In an open access business model resting on upstream financing, it appears
that research intensive institutions that publish a significant fraction
of the world's research would also be paying for a significant share of
the total publishing costs. It also appears that, as a result, they would
be financially supporting access to the scientific literature for
everybody else - a generous but unrealistic idea. However, this thesis is
true if (and only if) these same institutions are the sole sources for the
financing of their faculty's publications. Recently, other sources of
financing have begun to be discussed and even implemented. The Wellcome
Trust, in this regard, is advocating open access publishing with support
from the agencies that support research financially.
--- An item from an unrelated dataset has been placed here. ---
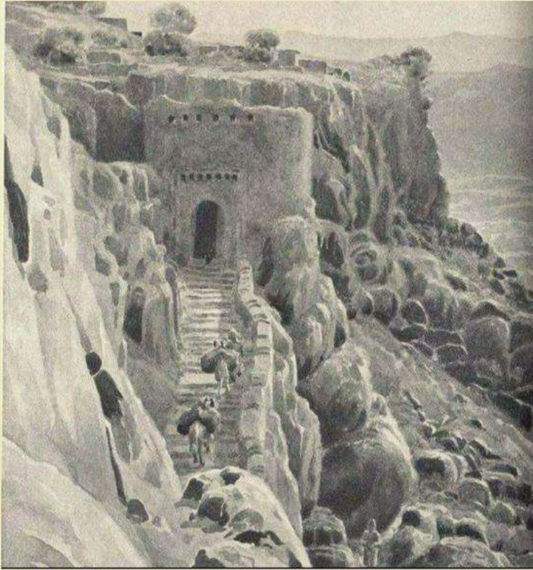
شکلگه‌کی دهرگه‌هی سه‌قافا - نامیدی

In this case, the
same institutions that pool a large fraction of the research funds would
also pool financial resources. A meeting of granting agencies at the
Hughes Foundation in April demonstrates that the Wellcome Trust is not
alone in thinking about these issues or along these lines. More recently,
the Berlin Declaration at the Max Planck Gesellschaft underscored the same
concern in yet another set of granting agencies. In short, we may be on
the verge of seeing new granting policies develop in a number of granting
agencies, policies which, for example stipulate that research funded by
agency or foundation X must be made freely available to the whole world.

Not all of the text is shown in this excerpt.